The mood in the hall was instantly less tense, oppressive.

“I was reminded on the way to this meeting,” she continued, desperately trying not to laugh at her own jokes, “that Mr Norman Wisdom, during his time in the Signal Corps, once appeared on this stage. I believe it was in 1943 and Rex Harrison was also on the bill. It was after the show that Rex went backstage and tried to persuade Mr Wisdom to turn professional. So, what with one thing and another, Mr Powell and I are treading in illustrious footsteps!”

Enoch Powell and his on stage supporter, former Treasury Minister Nigel Birch scoffed loudly and tossed their heads back with an ill-considered contempt that ran exactly counter to the mood pervading the thoughts of nine out of ten people in the hall.

“This Lady,” the Angry Widow declaimed, “has no pretensions of dictatorship and none of my colleagues is Josef Goebbels’s analogue.
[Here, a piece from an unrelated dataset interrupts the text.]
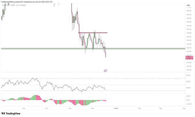 Breakdown confirmed yesterday. Underside LTF retest today, failed. Path to $80 $SOL is underway. twitter.com/ColdBloodShill/sta...

I am disappointed that a man of honour would even consider voicing such a slur in such a public and reckless manner.”

Enoch Powell and his second made as if to rise to their feet.

“No!” Margaret Thatcher cried angrily. “We’ve had to listen to your bile and your recriminations, now you can jolly well hear me out!” She focused on the Hall. “People keep telling me about the good old days. I understand as much as anybody why people naturally yearn for a return to ‘normality’. Before the war I was blissfully happy in my marriage and my chosen career, my children had a loving and devoted father, our little family had so much to look forward to. All that was stolen from me. But, we cannot turn back the clock. I am sorry but we are never going back to the way we once were. The challenge before us is to survive and to build a better World for our children and our grandchildren. If it transpires that we are the lost generation whose dreams and hopes had to be sacrificed for the future of our children, is that not a just and proper price to pay for their futures?”